Segment Start: RECORDS FOR THIS TASK

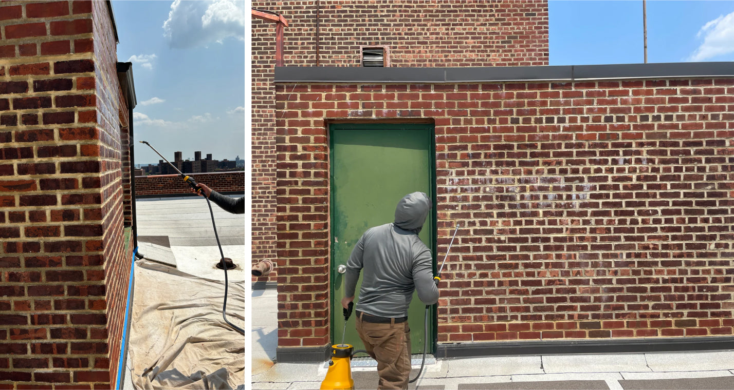 Parkchester, a large community in the east Bronx, New York City, consists of 171 residential buildings. Recently, several of these buildings experienced water ingress, which was traced to rainwater seeping through the brick and mortar of the rooftop bulkheads. Addressing these leaks became critical as the weather turned rainier, and a timely, effective solution was required to prevent further damage.
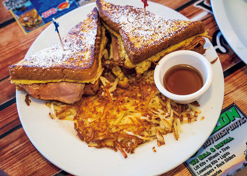 フレンチトースト風のパンに、ハムやターキー、チーズをサンドした“モンテクリスト”は、塩味と甘味のバランスが絶妙。
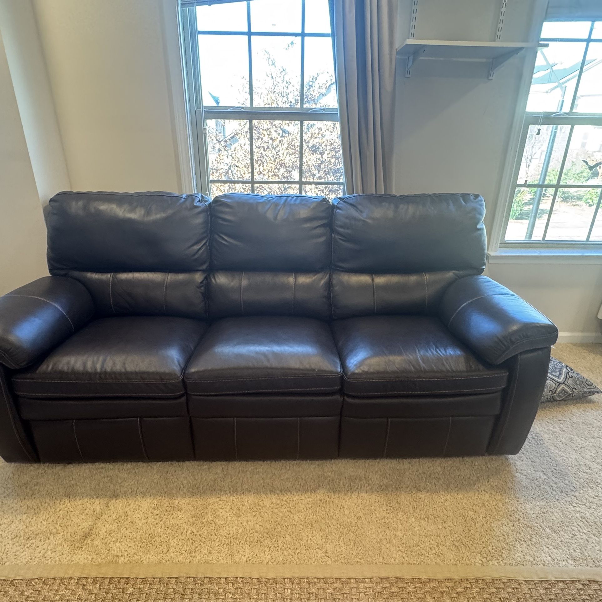 Leather Couch in relatively good condition with storage compartment at both ends ( slight rent as seen pictures) and charging port. Comes with reclining chair as seen in pictures. Only Zelle, Venmo or Cash on pick up. No cheque. Communicate only through Offer up not email or phone please First come first serve
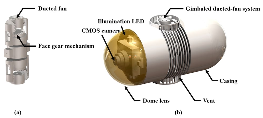 The concept of the GDF is adopted from the thrust-vector control algorithm of a space shuttle. To prevent organ damage, the ducted fan, which generates and controls the thrust required for achieving maneuverability, is mounted on a gimbal structure. A scaled-up prototype of the novel GDF system is manufactured using a commercially available three-dimensional (3D) printer. The overall conceptual design of the MCE based on the GDF system is presented followed by details of other parts needed in developing the MCE. Flow simulation and 3D path-following simulation are performed to evaluate the proposed MCE’s applicability. As a result, the mean terminal velocity of the 6:1 scaled-up MCE prototype was calculated by flow simulation and found to be 0.6047, 0.5941, and 0.9204 m/s for the three postures of the GDF system, which represented the three translational degrees of freedom. For the 1:1 scale prototype, the mean terminal velocity was calculated to be 0.1147, 0.1127, and 0.1746 m/s for the above three postures. The proposed MCE dynamic model follows the desired path profile when the Lyapunov stability–based path-following algorithm was applied to it.
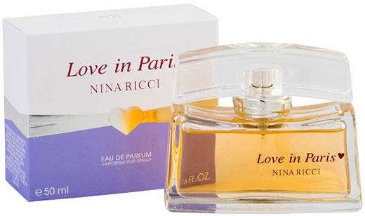 Το Love in Paris από την Nina Ricci είναι ένα λουλουδένιο άρωμα για γυναίκες. Οι νότες κορυφής είναι παιώνια, ροδάκινο, αστεροειδής γλυκάνισος, μπανάνα, αχλάδι, περγαμόντο και τριαντάφυλλο. Οι μεσαίες νότες είναι βερίκοκο, βιολέτα, γιασεμί και γλυκάνισο. Οι νότες της βάσης είναι μόσχος και νότες ξύλων.
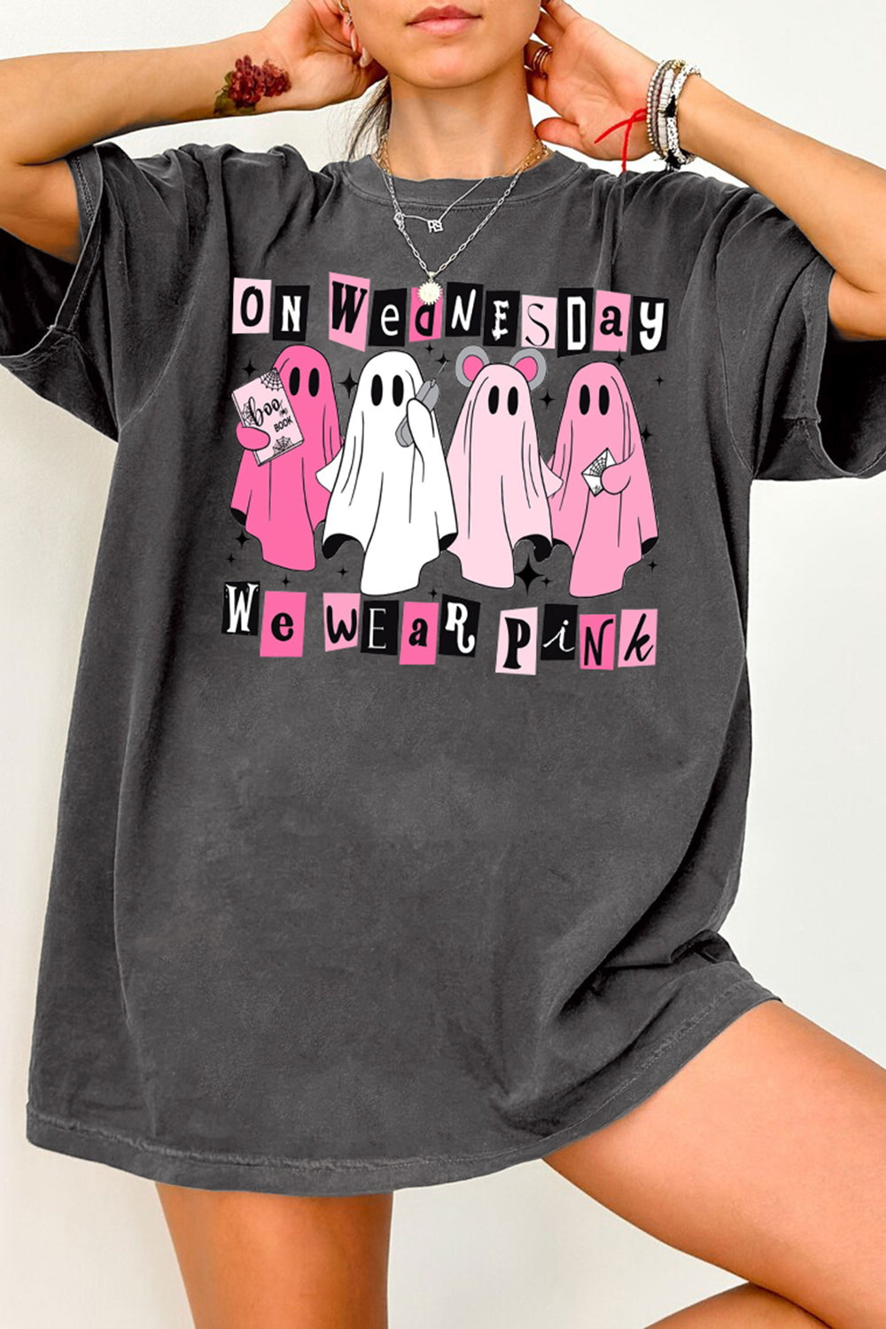 On Wednesday We Wear Pink Halloween Pink Ghost Tee For Women
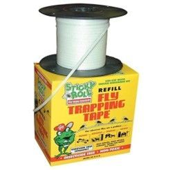 Sticky Roll is a reel-to-reel system of sticky tape that really catches flies! When flies first hatch after feeding or when the weather cools they tend to congregate overhead where they are caught on the roll. Once entrapped they produce stress chemicals which are irresistible attractants to other flies. Eventually the tape is completely black with trapped flies.
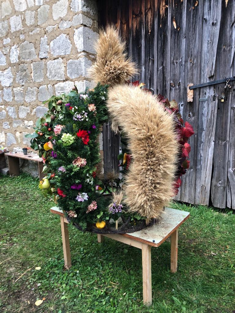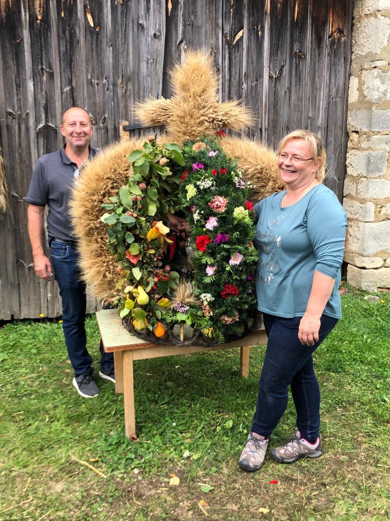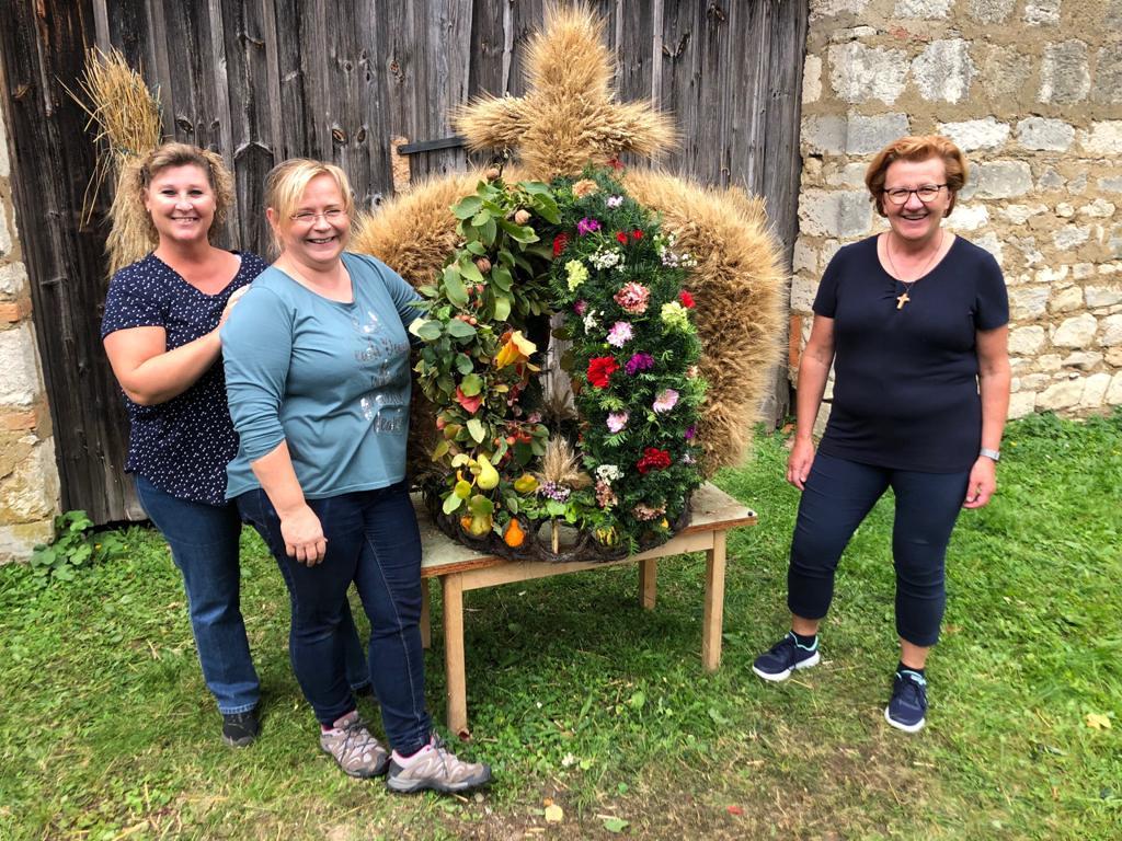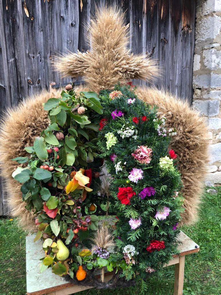 Traditionell ein besonderer Blickfang, war die große Erntedank-Krone, welche unter der Leitung von Birgit Talian mit Hilfe von Regina Lehner, Schwester Evelin, Walter Gaal, Resi Hofleitner und Regina Kaiser gefertigt wurde.

Segment End: RECORDS FOR THIS TASK

What you return should be the entries from above, unchanged and without their images.

 Parkchester, a large community in the east Bronx, New York City, consists of 171 residential buildings. Recently, several of these buildings experienced water ingress, which was traced to rainwater seeping through the brick and mortar of the rooftop bulkheads. Addressing these leaks became critical as the weather turned rainier, and a timely, effective solution was required to prevent further damage.
 フレンチトースト風のパンに、ハムやターキー、チーズをサンドした“モンテクリスト”は、塩味と甘味のバランスが絶妙。
 Leather Couch in relatively good condition with storage compartment at both ends ( slight rent as seen pictures) and charging port. Comes with reclining chair as seen in pictures. Only Zelle, Venmo or Cash on pick up. No cheque. Communicate only through Offer up not email or phone please First come first serve
 The concept of the GDF is adopted from the thrust-vector control algorithm of a space shuttle. To prevent organ damage, the ducted fan, which generates and controls the thrust required for achieving maneuverability, is mounted on a gimbal structure. A scaled-up prototype of the novel GDF system is manufactured using a commercially available three-dimensional (3D) printer. The overall conceptual design of the MCE based on the GDF system is presented followed by details of other parts needed in developing the MCE. Flow simulation and 3D path-following simulation are performed to evaluate the proposed MCE’s applicability. As a result, the mean terminal velocity of the 6:1 scaled-up MCE prototype was calculated by flow simulation and found to be 0.6047, 0.5941, and 0.9204 m/s for the three postures of the GDF system, which represented the three translational degrees of freedom. For the 1:1 scale prototype, the mean terminal velocity was calculated to be 0.1147, 0.1127, and 0.1746 m/s for the above three postures. The proposed MCE dynamic model follows the desired path profile when the Lyapunov stability–based path-following algorithm was applied to it.
 Το Love in Paris από την Nina Ricci είναι ένα λουλουδένιο άρωμα για γυναίκες. Οι νότες κορυφής είναι παιώνια, ροδάκινο, αστεροειδής γλυκάνισος, μπανάνα, αχλάδι, περγαμόντο και τριαντάφυλλο. Οι μεσαίες νότες είναι βερίκοκο, βιολέτα, γιασεμί και γλυκάνισο. Οι νότες της βάσης είναι μόσχος και νότες ξύλων.
 On Wednesday We Wear Pink Halloween Pink Ghost Tee For Women
 Sticky Roll is a reel-to-reel system of sticky tape that really catches flies! When flies first hatch after feeding or when the weather cools they tend to congregate overhead where they are caught on the roll. Once entrapped they produce stress chemicals which are irresistible attractants to other flies. Eventually the tape is completely black with trapped flies.
 Traditionell ein besonderer Blickfang, war die große Erntedank-Krone, welche unter der Leitung von Birgit Talian mit Hilfe von Regina Lehner, Schwester Evelin, Walter Gaal, Resi Hofleitner und Regina Kaiser gefertigt wurde.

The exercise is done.